# APple Has Change my Mind



## fortunoquack (Jul 27, 2022)

I switched to Mac. I have been convinced by its appeal of great benefit of computers,,,, and would like to offer genuine response to my decision to use a Mac instead of a computer. Along with functionality, I have always been a Windows user. I started on Windows 7 and upgraded to Windows Vista after a new PC. I recently purchased a new computer with Windows XP. I think Microsoft do has lost the way and felt like a downgrade with every update. There are compatibility issues with less features and more software has problems.

Now apple has never tasted so good. I upgraded to this one,,,, and the performance is great, and the processor is worth the wait. Now I'm for a better approach and the Apple lifestyle. We hope that in the distant but near future, mac computers will be compatible with the software needed to become composers . We need to get the companies to support Mac. we do need Native Instruments, IK Multimedia, Ableton, Pro Tools and Logic on it as well.

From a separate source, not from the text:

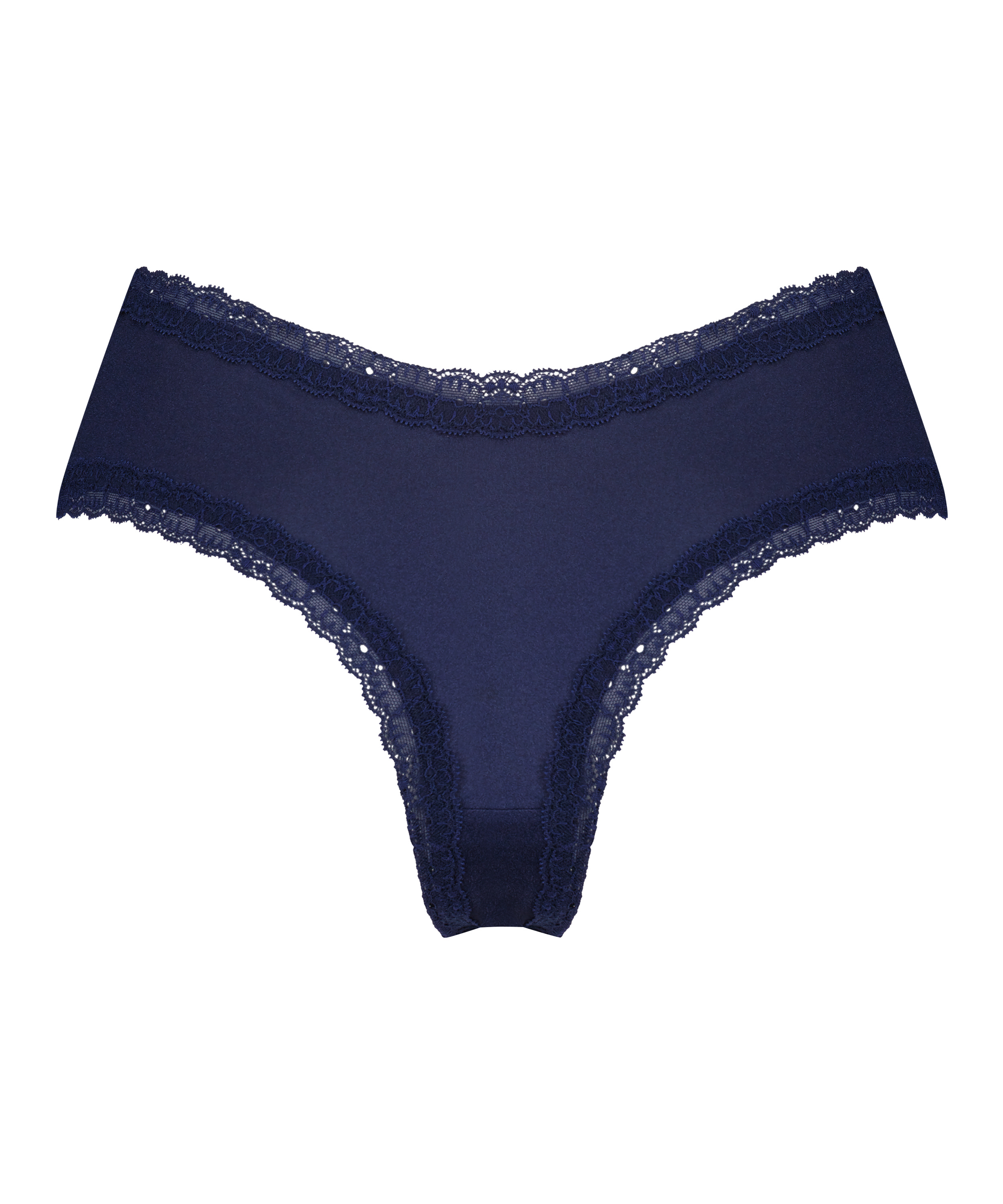 ¡Esta brasileña en forma de V es siempre una buena idea! Los bordes son de encaje y hay detalles de tiras en la parte delantera. También tiene un pequeño lazo. ¡Fácil de combinar con diferentes sujetadores de nuestra colección!

HOwever long it will take to make software for mac computer, I look forward to a new Mac with incredible performance and great battery life. For now, for obvious reasons,,,, I am stop from making it work to compose Music until it benefits Apple. Please leave a suggestion for another line of work or hobby to pursue during this waiting time.






Sincerly,
Fortuno


----------



## Hywel (Jul 27, 2022)

Always find your posts and some of the responses you get entertaining @fortunoquack ... looking forward to reading them.


----------



## fortunoquack (Aug 12, 2022)

THanks Mike, appreciation greatly for kind words,


----------